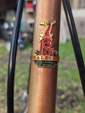 Vintage Raleigh Olympian, original components great looking and shiny paint is a two tone burgundy and gold, only thing i replace was the tires i put a pair of Continental Ultra Sport. Its a xl frame for someone 6' to 6'4 tall it might need a tune up due to just being in storage room, and to be around 40 years old it looks awesome. txt 2one0 four6seven7two1seven
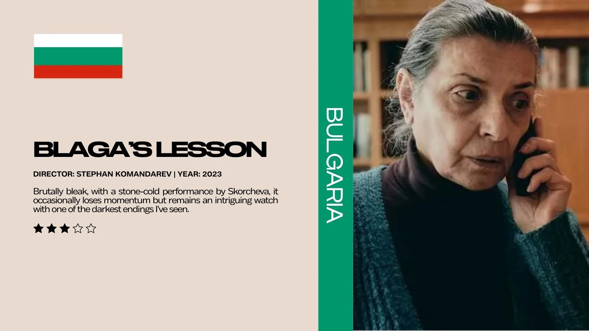 Synopsis: Blaga is a seventy-year-old recently widowed former teacher and a woman of firm morals. When telephone scammers con her out of the money that she had saved for her husband’s grave, her moral compass slowly begins to lose its bearings…
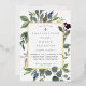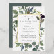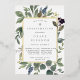 La invitación a la confirmación botánica de moda incluye un borde de hojas botánicas verdes de salvia exuberante y follaje eucalipto de acuarela con guarnecido de Relieve metalizado dorado. Personalice con su ceremonia y detalles fiestas en letras modernas sobre un fondo de marfil blanco y suave.
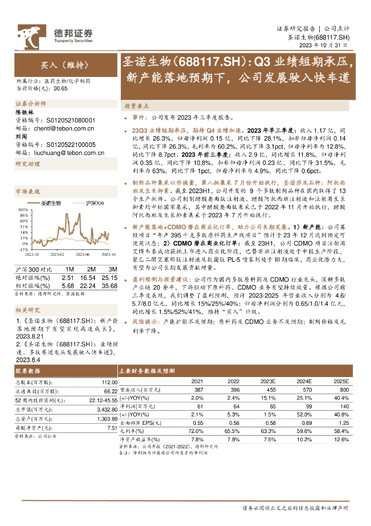 德邦证券:圣诺生物(688117)-Q3业绩短期承压,新产能落地预期下,公司发展驶入快车道.pdf
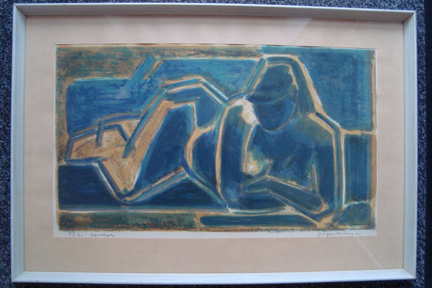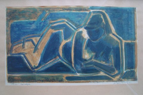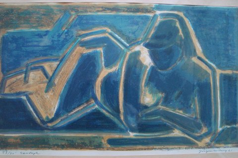 Litografi af Jørgen Wiberg 1961 - Liggende nøgen kvinde.
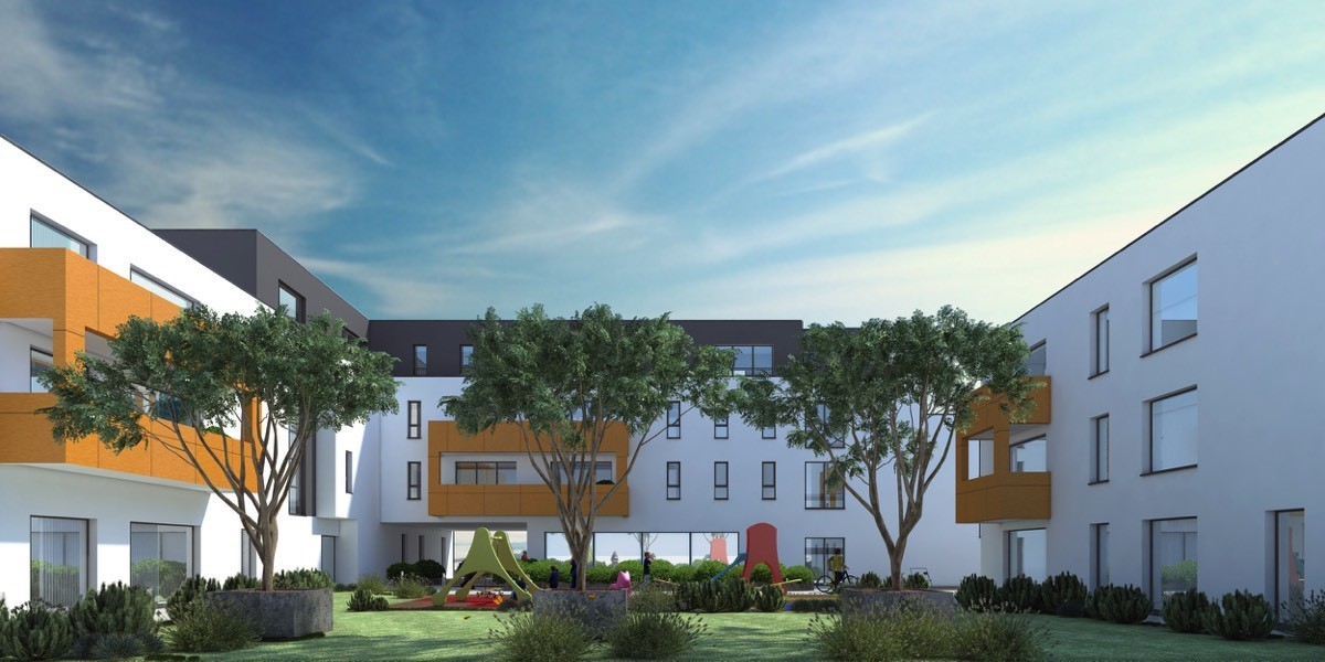Le projet a été réalisé en parallèle au réaménagement du centre de Rodange. Le bâtiment est composé de deux blocs disposés et d'un troisième bloc en 2e position et délimitant une cour intérieure. Le projet comprend des appartements ainsi que des locaux commerciaux aux rez-de-chaussée. Erigé sur un ancien parking public, celui-ci a été intégré au sous-sol du bâtiment. L'accès aux appartements se fait par un passage traversant la cour intérieure qui fait fonction d'espace de rencontre pour les habitants.
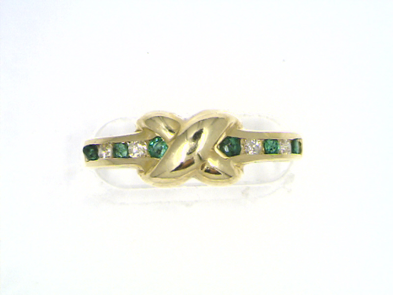 This is a 14 karat yellow gold ring that features .25 carats total weight of round, faceted, genuine emeralds and .13 carats total weight of round, brilliant-cut, H-I color, SI2-I1 clarity diamonds in a ring with a "X" Kiss design. The ring is US size 7 and can be sized for an additional charge. Please contact Bidfair Fine Jewelry for sizing details. This is a brand new item with manufacturer’s approval to sale in a public auction. It is in excellent condition, but may have fine scratches from shipping or storage. Admin: G11241/5llt
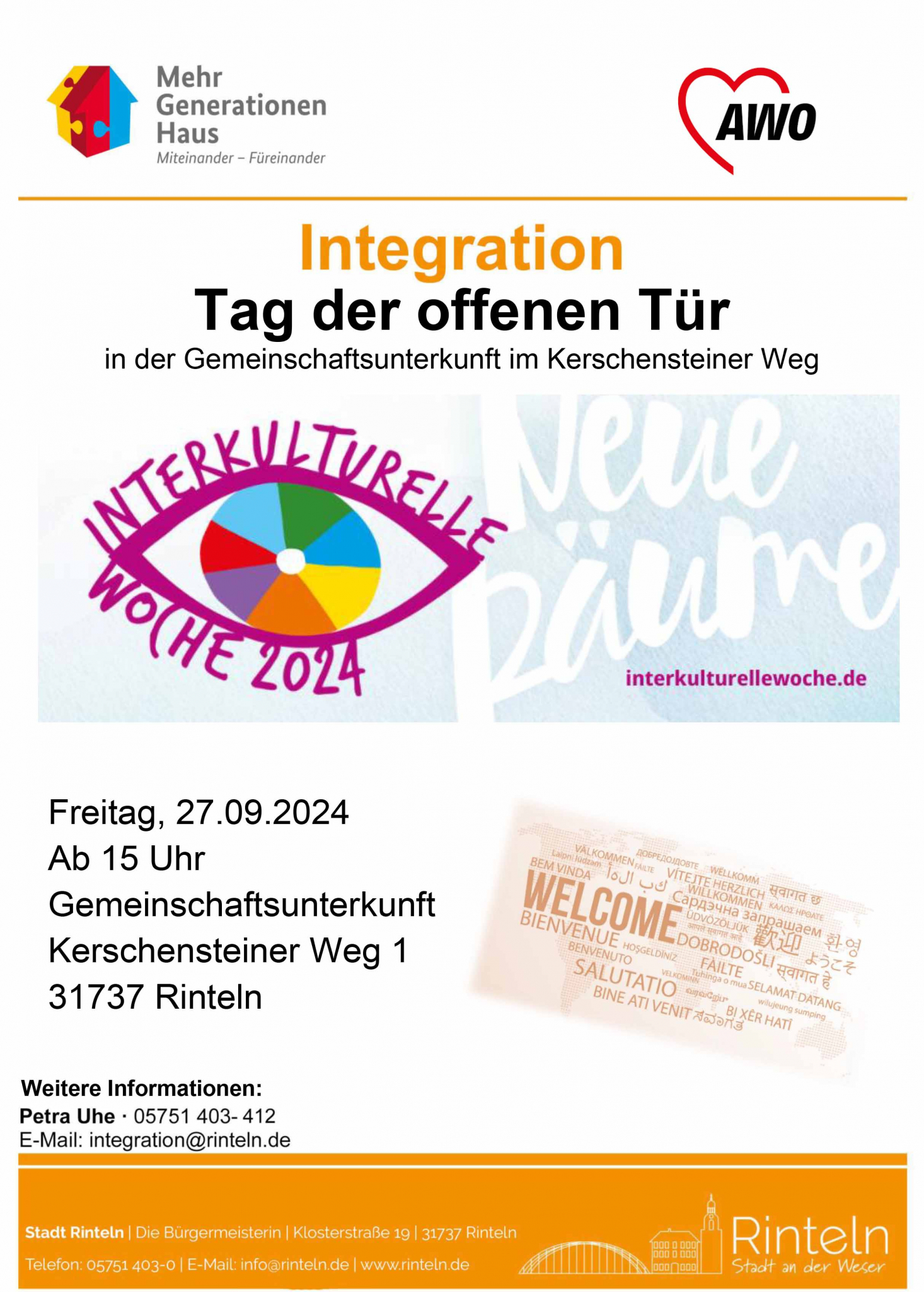„Neue Räume“ lautet das Motto für 2024. Neue Räume schaffen, öffnen, zeigen. Neue Räume der Begegnung und des Austauschs, zum miteinander Lachen und zum gemeinsamen Nachdenken, für die Auseinandersetzung und das Zusammenfinden. In diesem Zusammenhang öffnet am Freitag, 27.09. ab 15 Uhr die Gemeinschaftsunterkunft im Kerschensteiner Weg ihre Türen. Das Integrationsteam der Stadt Rinteln und die AWO laden alle interessierten Bürgerinnen und Bürger herzlich ein, einen Blick in die Lebensräume geflüchteter Menschen zu werfen.

────────────────────────────────────────

**Aim of the exercise**: Only the text of the records belongs in your answer, repeated exactly; the pictures stay out.

**Answer box**:
 Vintage Raleigh Olympian, original components great looking and shiny paint is a two tone burgundy and gold, only thing i replace was the tires i put a pair of Continental Ultra Sport. Its a xl frame for someone 6' to 6'4 tall it might need a tune up due to just being in storage room, and to be around 40 years old it looks awesome. txt 2one0 four6seven7two1seven
 Synopsis: Blaga is a seventy-year-old recently widowed former teacher and a woman of firm morals. When telephone scammers con her out of the money that she had saved for her husband’s grave, her moral compass slowly begins to lose its bearings…
 La invitación a la confirmación botánica de moda incluye un borde de hojas botánicas verdes de salvia exuberante y follaje eucalipto de acuarela con guarnecido de Relieve metalizado dorado. Personalice con su ceremonia y detalles fiestas en letras modernas sobre un fondo de marfil blanco y suave.
 德邦证券:圣诺生物(688117)-Q3业绩短期承压,新产能落地预期下,公司发展驶入快车道.pdf
 Litografi af Jørgen Wiberg 1961 - Liggende nøgen kvinde.
Le projet a été réalisé en parallèle au réaménagement du centre de Rodange. Le bâtiment est composé de deux blocs disposés et d'un troisième bloc en 2e position et délimitant une cour intérieure. Le projet comprend des appartements ainsi que des locaux commerciaux aux rez-de-chaussée. Erigé sur un ancien parking public, celui-ci a été intégré au sous-sol du bâtiment. L'accès aux appartements se fait par un passage traversant la cour intérieure qui fait fonction d'espace de rencontre pour les habitants.
 This is a 14 karat yellow gold ring that features .25 carats total weight of round, faceted, genuine emeralds and .13 carats total weight of round, brilliant-cut, H-I color, SI2-I1 clarity diamonds in a ring with a "X" Kiss design. The ring is US size 7 and can be sized for an additional charge. Please contact Bidfair Fine Jewelry for sizing details. This is a brand new item with manufacturer’s approval to sale in a public auction. It is in excellent condition, but may have fine scratches from shipping or storage. Admin: G11241/5llt
„Neue Räume“ lautet das Motto für 2024. Neue Räume schaffen, öffnen, zeigen. Neue Räume der Begegnung und des Austauschs, zum miteinander Lachen und zum gemeinsamen Nachdenken, für die Auseinandersetzung und das Zusammenfinden. In diesem Zusammenhang öffnet am Freitag, 27.09. ab 15 Uhr die Gemeinschaftsunterkunft im Kerschensteiner Weg ihre Türen. Das Integrationsteam der Stadt Rinteln und die AWO laden alle interessierten Bürgerinnen und Bürger herzlich ein, einen Blick in die Lebensräume geflüchteter Menschen zu werfen.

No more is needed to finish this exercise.